The refurbish and return to service of the massive steam engine has been delayed multiple times since the 1949 locomotive was purchased five years ago.

John Garner, WMSR general manager, said the train still has mechanical issues that require work. He said the highly-anticipated July debut will not happen.

“Originally we were talking about a July 6 date (for the debut),” said Garner. “There are a couple of things that we got into discovering, between the work we’ve done earlier and the machine shop in Ohio that found some things.”

An update on the scenic railroad operations was given Thursday at the Allegany County Office Complex on Kelly Road.

In addition to the postponement of the return of Engine No. 1309, dubbed Maryland Thunder, Allegany County received more bad news in regard to the condition of the WMSR’s rail lines which span from Cumberland to the Frostburg Depot.

“The track itself is property of Allegany County,” said Brandon Butler, county administrator. “With that, there is some TLC (tender loving care) needed for the rails. We are looking at the reports. We are looking at about 1,200 ties that look like they are in need of replacement as soon as possible.”

Butler said Engine No. 1309, billed the largest articulated steam locomotive east of the Mississippi River, adds a significant increase in weight for the train.

“The steam engine is larger and heavier than the current locomotive that runs up and down those tracks,” said Butler.

Officials said the cost will be roughly $150,000 for 1,200 ties, spikes, plates, weed spraying and inspections.

“We also have some preventative weed spraying which needs to take place, which is $26,000, but that has come in lower than expected,” said Butler. “There is also an issue of a bridge inspection that is in order of about $25,000. All in all, you are looking at $150,000 to spend.”

Butler said he spoke with officials from the city of Cumberland and Frostburg about contributing to the repair costs.

“Given the fact they are partners and beneficiaries of this endeavor, they have looked at splitting the cost,” he said. “Roughly, it is a $45,000 expenditure to the county and $22,500 from Frostburg and Cumberland.”

Butler said the remaining $60,000 will come from a public/private partnership of the WMSR.

The members of the Allegany County Board of Commissioners voted unanimously, in Thursday evenings regular public county meeting, to fund the $45,000.

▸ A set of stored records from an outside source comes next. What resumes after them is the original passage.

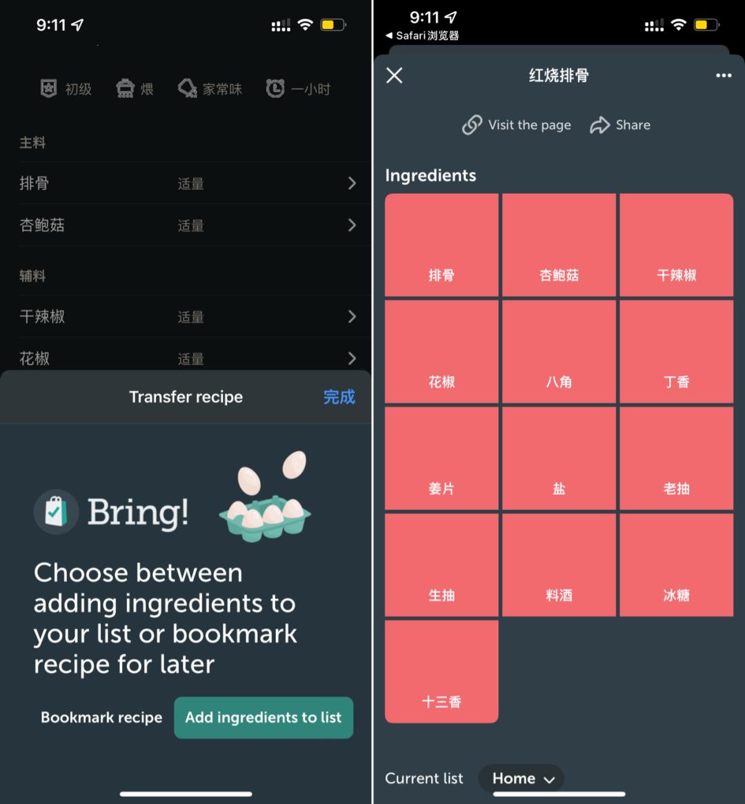 尽管 Bring! 应用本身暂时没有提供中文页面,但并不影响其 Safari 插件对中文食谱的识别。不过要完成应用内默认的全部食材的中文版本替换可能会需要花费一定精力。如果你需要这样一款 App,可以在App Store中免费下载。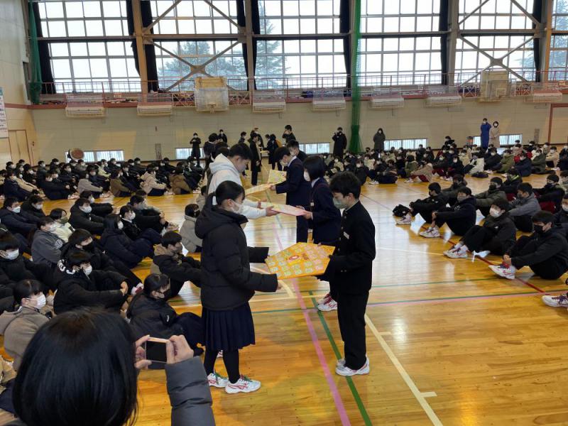 全校朝会にて3年生の進路実現に向けて激励会が行われました。1、2年生から激励応援と絵馬の贈呈がありました。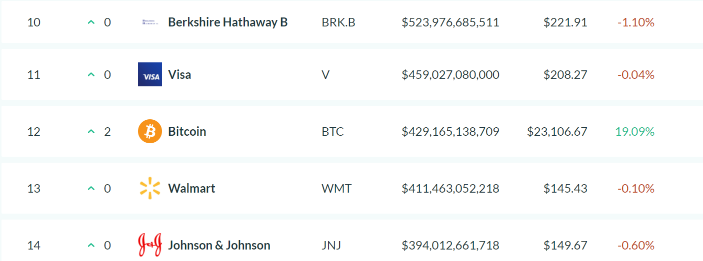 Với chuyển động giá hiện tại, vốn hóa thị trường của Bitcoin cũng đã đạt 429 tỉ USD, vượt qua cả Walmart để trở thành tài sản lớn thứ 12 trên bảng xếp hạng của AssetDash.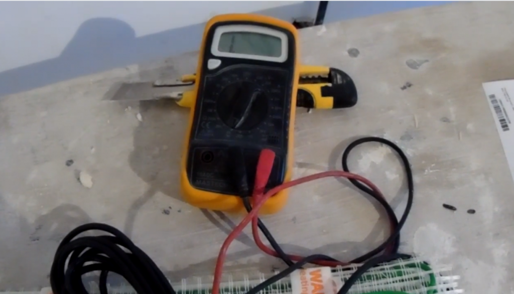 Обязательно следует проверить целостность изоляционной оболочки. Для этого следует свободным щупом коснуться экрана провода. Если все хорошо, и защита целая, на экране мультиметра должна появиться 1. В противном случае придется принять определенные меры для устранения возникшей ситуации, так как укладка такого мата является небезопасной.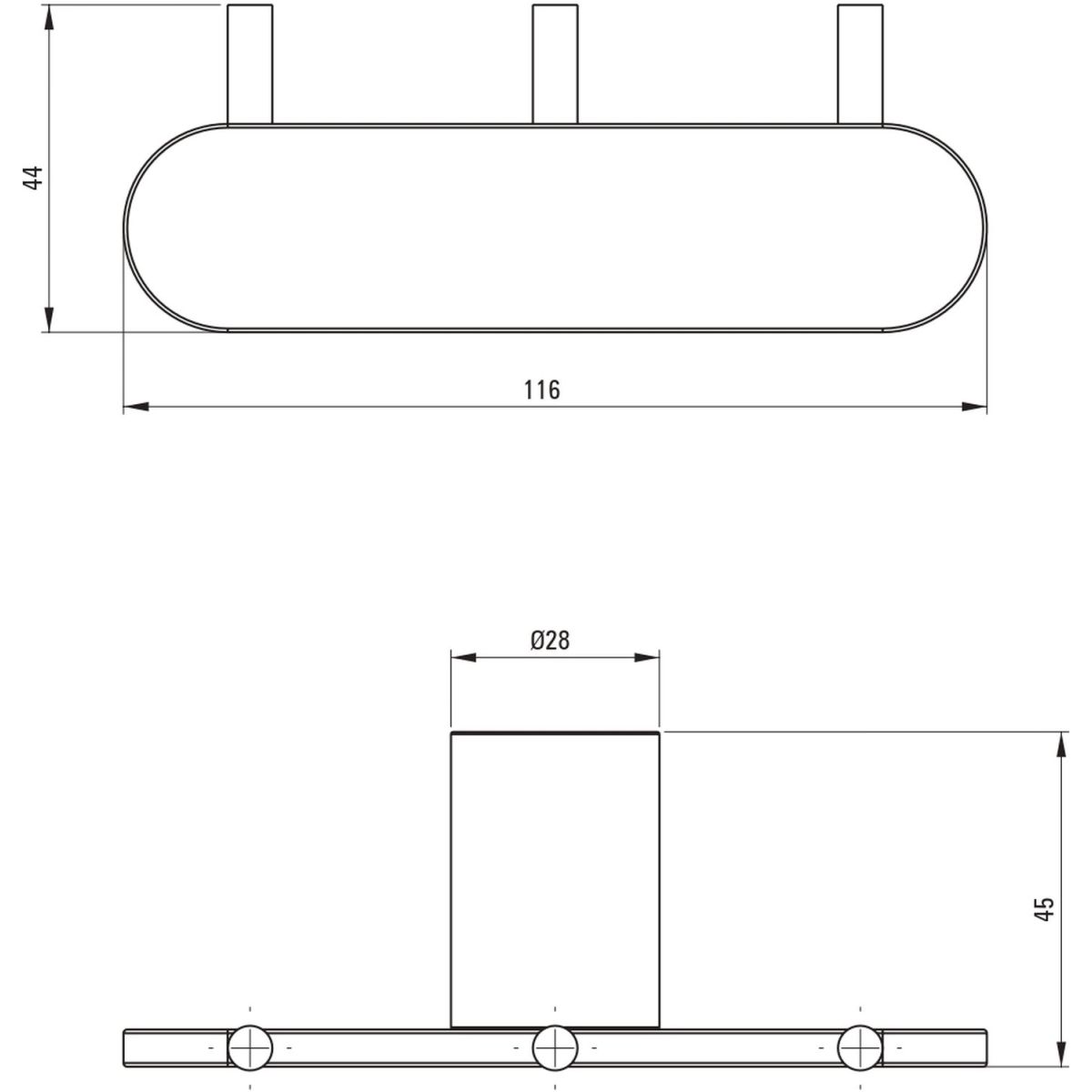 Der Dreifachhaken aus der Round-Kollektion ist ein unverzichtbares Accessoire, das Ordnung in Ihr Badezimmer bringt. Ideal zum Aufhängen von Handtüchern und Bademänteln. Der Haken ist aus hochwertigem Stahl gefertigt und in mattem Schwarz gehalten. Er ist einfach zu montieren und passt perfekt zu Armaturen in Nero-Ausführung.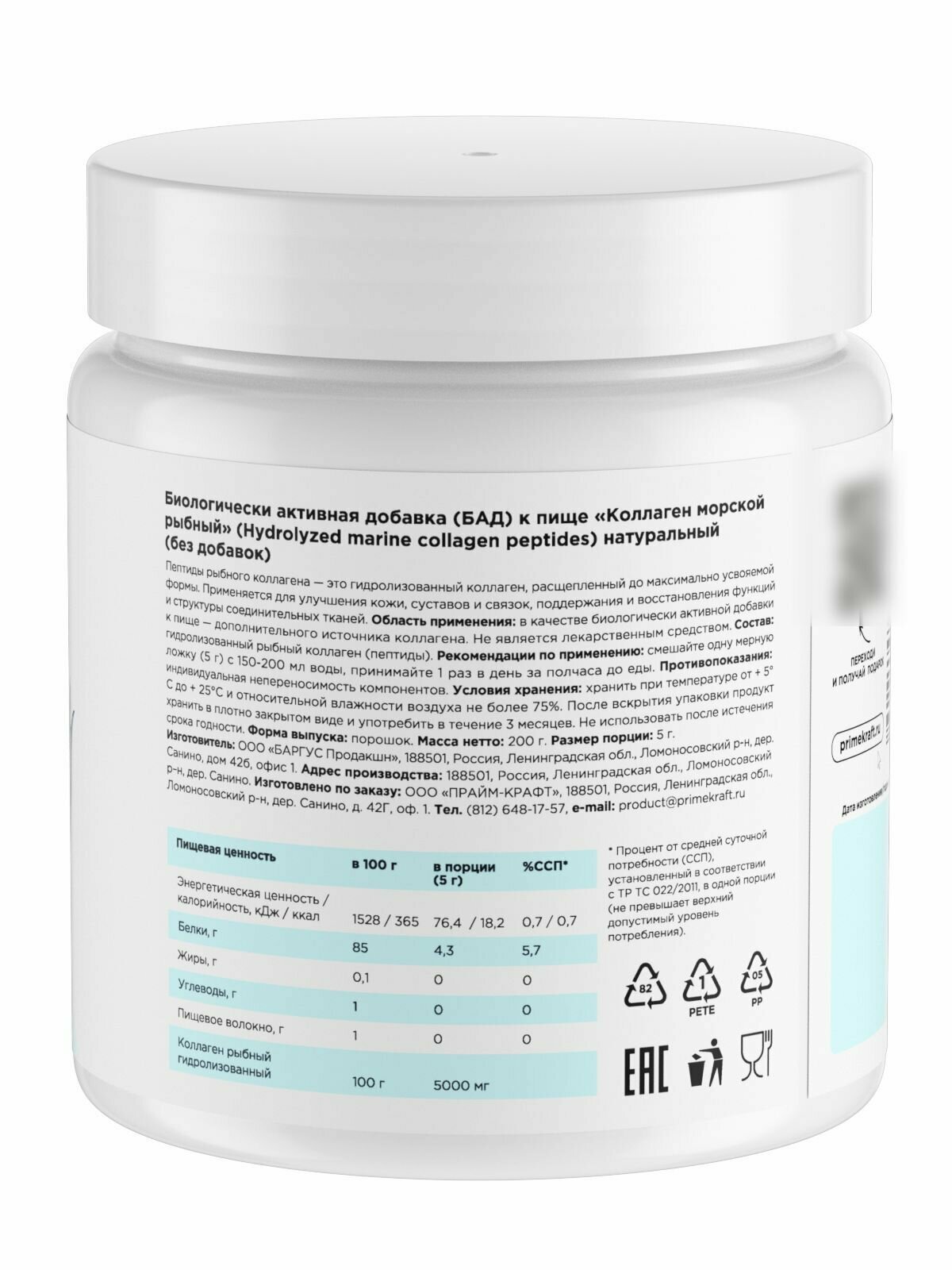 Коллаген порошок PRIMEBAR Морской / Рыбный (Hydrolyzed marine collagen peptides) Натуральный, без добавок, 200 г информация: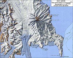 Mount Melbourne is surrounded by a volcanic field[42] consisting of 60 exposed volcanoes,[43] which have the form of scoria cones and tuff rings with hyaloclastite deposits, lava flows and pillow lavas. Some of these volcanoes formed under ice.[44] The volcanic field forms a peninsula which is separated by steep faults from the Transantarctic Mountains to the north.[23] Among these volcanoes is Shield Nunatak southwest from Mount Melbourne,[45] a subglacial volcano, now exposed, that may have formed during the latest Pleistocene.[46] The Cape Washington ridge consists mostly of lava, including pillow lava, overlaid by scoria cones,[15] and is the remnant of a shield volcano.[47] Edmonson Point is another volcanic complex in the system that formed partly while interacting with glaciers and partly through phreatomagmatic activity.[48] Other volcanoes in the field are Baker Rocks, Oscar Point and Random Hills.[49] These volcanoes are aligned mainly in north–south direction and include both edifices that formed above and under ice,[2] with palagonitized outcrops that expose dikes.[50] Perfectly preserved scoria cones occur at Pinckard Table north of the volcanic field, while Harrow Peak is a heavily eroded lava plug.[51] The total volume of volcanic rocks is about 250 cubic kilometres (60 cu mi)[23] and their emplacement apparently altered the path of the Campbell Glacier.[52]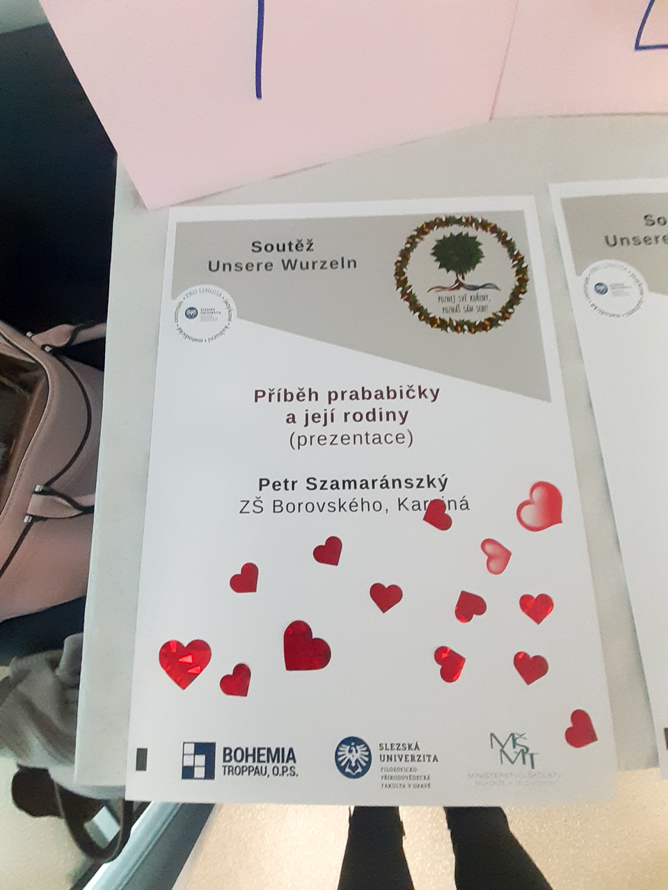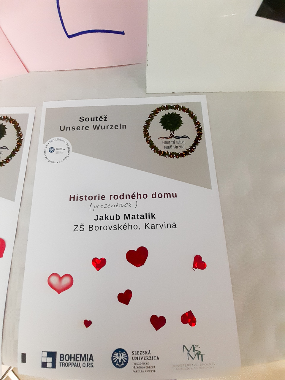 Ve čtvrtek 6. 11. 2025 reprezentovali čtyři žáci naši školu na německé soutěži Unsere Wurzeln v Kravařích ve Slezsku. Na tamějším zámku představili na vernisáži příběhy svých předků nebo předměty, které se váží ke společným česko-německým dějinám. Nejlépe se umístil Martin Koribanič z 6. B, a to těsně na 4. místě. Jemu i ostatním účastníkům Kubovi Matalíkovi, Péťovi Szamaránszkému i Míšovi Železnému z 8. C blahopřejeme k velmi dobrým a pěkným výkonům.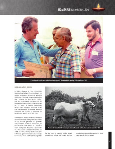 MEDALLA AL MÉRITO CEBUISTA En 1981, durante la Feria Exposición Nacional de la Raza Cebú realizada en Neiva, Rebolledo recibió la “Medalla al Mérito Cebuista”, máximo galardón que otorga la Asociación Cebú, por su permanente esfuerzo en el engrandecimiento de la raza. Después de 23 años, la familia Rebolledo recibió una segunda medalla, pues fue precisamente su madre, Antonia Arboleda de Trujillo, la primera en recibir este mérito en el año 1957. Los mejores años para esta ganadería se vivieron entre 1964 y 1985, las líneas de El Puente ganaron 11 grandes campeonatos en ferias nacionales, el toro Puente Solie Manso III S/570 fue Gran Campeón Nacional reservado en 1965 y Gran Campeón Nacional en 1966; en 1980, una hija de Puente Zoro P. Manso, ganó el Gran Campeonato Nacional, pero su satisfacción más grande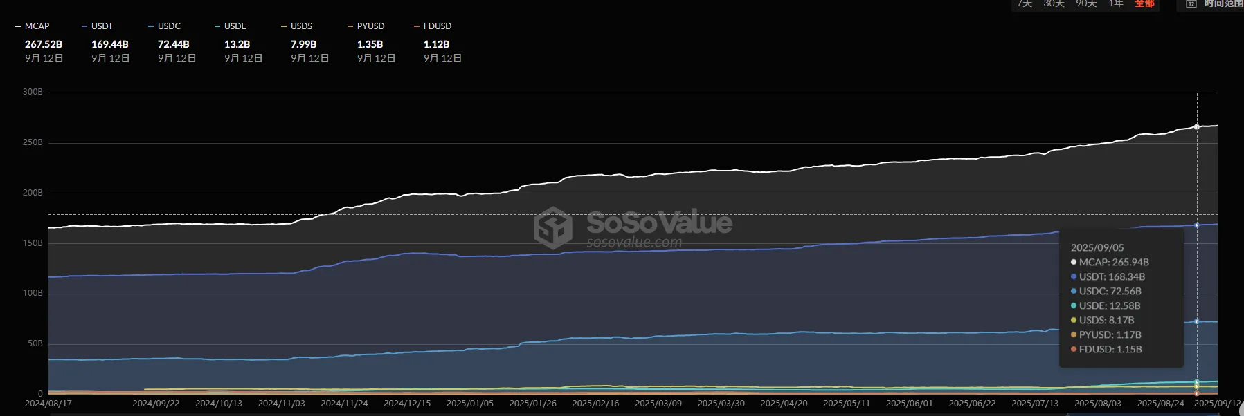 稳定币总市值2675亿美元,环比增加继续0.61%,当周增加值继续上升。

Allegany County Commissioner Dave Caporale asked about the timeline for repairing the tracks.

“This is now,” said Garner. “It should take about a month.”

Garner said the work will take place during the week limiting the impact to the WMSR operating schedule, which currently uses diesel locomotives to pull the train.

“We are having some challenge in getting the ties here in a timely fashion,” said Garner. “We won’t miss operating days; we’ll do maintenance through the week and run on the weekends.”

Garner said the use of diesel locomotives has had some impact on ridership.

“We are about 20% down from last year,” he said. “But, we fully believe everyone is waiting for this (steam) locomotive (No. 1309) to come out.”

Despite the setbacks, officials remain determined to see the tracks repaired and Engine No. 1309 running.

“The scenic railroad is one of our largest attractions,” said Butler. “The whole reason we have hotel/motel tax (income) is in large part due to the railroad with the folks that do come up here.”

Commissioner Creade Brodie Jr. said track maintenance for the WMSR, which opened in 1988, has been lacking.

“I don’t believe there has been any major track or tie repair work done in the history of the railroad,” said Brodie. “We do take this very seriously and we want to help you get this steam locomotive up and running as soon as possible. We need to come up with some sort of legacy plan for the railroad. This is a Band-Aid on a bigger picture.”